What you will do:
Using the listing below, output only the lines from the one that contains "7. Sprinkle porcini" through the one that contains "Как видно из", inclusive, exactly as given and without images.

Material provided:
===============

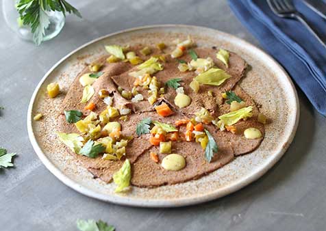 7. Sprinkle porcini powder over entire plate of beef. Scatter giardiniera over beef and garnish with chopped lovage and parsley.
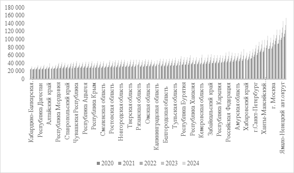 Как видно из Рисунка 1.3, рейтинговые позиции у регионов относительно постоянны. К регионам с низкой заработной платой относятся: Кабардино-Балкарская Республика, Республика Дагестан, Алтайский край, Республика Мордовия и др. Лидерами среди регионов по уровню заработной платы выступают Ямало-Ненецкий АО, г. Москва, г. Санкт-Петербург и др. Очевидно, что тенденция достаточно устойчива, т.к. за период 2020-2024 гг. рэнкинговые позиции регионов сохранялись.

===============

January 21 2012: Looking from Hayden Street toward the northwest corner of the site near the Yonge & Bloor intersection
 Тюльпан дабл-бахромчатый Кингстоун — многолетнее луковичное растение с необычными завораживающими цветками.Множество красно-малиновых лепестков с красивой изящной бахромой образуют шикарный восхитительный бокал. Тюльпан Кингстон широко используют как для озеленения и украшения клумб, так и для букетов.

===============

Result for this exercise:
 7. Sprinkle porcini powder over entire plate of beef. Scatter giardiniera over beef and garnish with chopped lovage and parsley.
 Как видно из Рисунка 1.3, рейтинговые позиции у регионов относительно постоянны. К регионам с низкой заработной платой относятся: Кабардино-Балкарская Республика, Республика Дагестан, Алтайский край, Республика Мордовия и др. Лидерами среди регионов по уровню заработной платы выступают Ямало-Ненецкий АО, г. Москва, г. Санкт-Петербург и др. Очевидно, что тенденция достаточно устойчива, т.к. за период 2020-2024 гг. рэнкинговые позиции регионов сохранялись.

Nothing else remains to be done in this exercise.